Australia reabrirá el centro de retención de inmigrantes de la isla de Navidad

Política y conflictos

Australia reabrirá el centro de retención de inmigrantes de la isla de Navidad
Foto: Rod McGuirk

Autralia endurece aun más su política migratoria. El primer ministro australiano, Scott Morrison, ha anunciado este miércoles la reapertura de un polémico campo de retención de inmigrantes en la Isla de Navidad.

El jefe de Gobierno ha aprobado la puesta en funcionamiento de este centro, cerrado en octubre, tras perder una votación en el Parlamento sobre el tratamiento médico ofrecido a los solicitantes de asilo. Morrison ha alegado que las nuevas legislaciones, votadas por la oposición, se van a traducir en un flujo de migrantes clandestinos hacia las costas australianas. El primer ministro se refería con esto a la votación de unas enmiendas llevada a cabo el martes y miércoles, en la que la oposición laborista y los independentistas se opusieron al Ejecutivo en una jornada parlamentaria que versaba sobre el tratamiento médico ofrecido a los solicitantes de asilo relegados por Australia a campos offshore en Papúa Nueva Guinea o en la isla ecuatorial de Nauru.

Los textos aprobados podrán permitir al millar de migrantes que siguen detenidos en esos campos ser trasladados a Australia para recibir tratamiento si dos médicos así lo solicitan. Morrison omitió en su alegato que esas enmiendas solo afectan a los migrantes que estén detenidos en los campos offshore y acusó a la oposición de intentar «debilitar y comprometer nuestras fronteras». El primer ministro ha dicho que su Gobierno llevará a cabo el «100%» de las recomendaciones de los servicios de seguridad para impedir la entrada de inmigrantes irregulares. No obstante, ha declinado precisar esas recomendaciones, al margen de la reapertura del campo de la isla de Navidad –un  territorio australiano en el Océano Índico– situado a 1.500 kilómetros de la costa nordeste de Australia continental, y a 350 kilómetros del sur de Indonesia.

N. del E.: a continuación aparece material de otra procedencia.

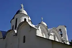 Представляет собой шестистолпный, трёхапсидный каменный храм с тремя шлемовидными главами, покрытый позакомарно. Здание имеет приземистые пропорции, выглядит вросшим в землю (из-за поднятия культурного слоя на 1,5 метра). Простота постройки подчёркнута почти полным отсутствием декора фасадов.
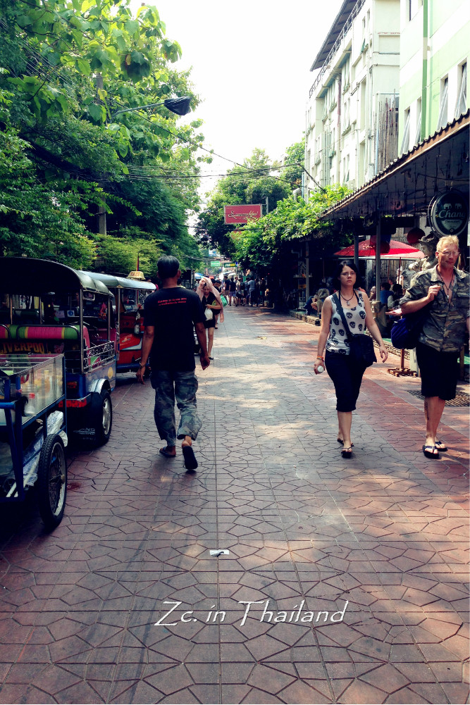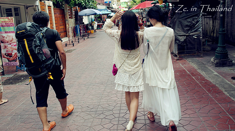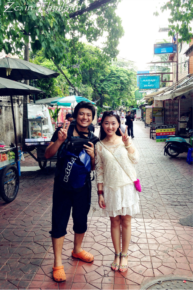 53路公交车真是一辆神奇的公交车~人不多~还有座~最重要的是你会在这趟车上遇到各种各样的游客。比如 我们就遇到了一个日本 背包客,用蹩脚的英语告诉我们他也去考山路 ,可以一起同行。小伙子典型的背包客形象,蓬头垢面,甚至有点衣衫褴褛,背着硕大硕大的双肩背。刚刚大学毕业,毕业的几年旅行就选择这样的背包旅行。先去了吉隆坡 “流浪”了两个星期,又坐火车的硬座到了曼谷 。问他你想去哪玩?不知道。住哪?不知道。什么时候走,不知道。这就是所谓的随遇而安吧。我教他用中文说“背包客”,他也学的有模有样~很可爱的说~我们买了水果分他一些,他都会一直鞠躬着感谢。我们一起从结尾逛到了头,合了张影就挥手告了别~后来才想,应该留一下联系方式。多一个国际友人还是挺好的。我知道肯定会有人说小日本 这样那样的话。但我想说,那些对普通的日本 老百姓不屑一顾甚至侮辱谩骂的人也收不回钓鱼岛,这也不算是爱国的方式之一。友善不分国界,当别人对你微笑时,你就要还以别人温暖。

Esta decisión se enmarca en el contexto de la campaña de las elecciones previstas antes de mayo, en las que la inmigración jugará un papel clave. La política de los últimos gobiernos conservadores consiste, desde 2013, en repeler sistemáticamente todos los barcos de refugiados que traten de alcanzar las costas australianas ilegalmente. Los migrantes que consiguen entrar en el país son enviados por un tiempo indeterminado a campos de retención offshore, mientras se procesa su solicitud de asilo.

Esta política le ha granjeado a Australia duras críticas por las condiciones de detención de los campos, en los que viven numerosos niños, y donde se han registrado suicidios y actos de automutilación. Por su parte, el Partido Laborista ha denunciado «las tácticas alarmistas» del gobierno, al que acusó utilizar la baza del miedo a los migrantes con fines electorales, informa AFP.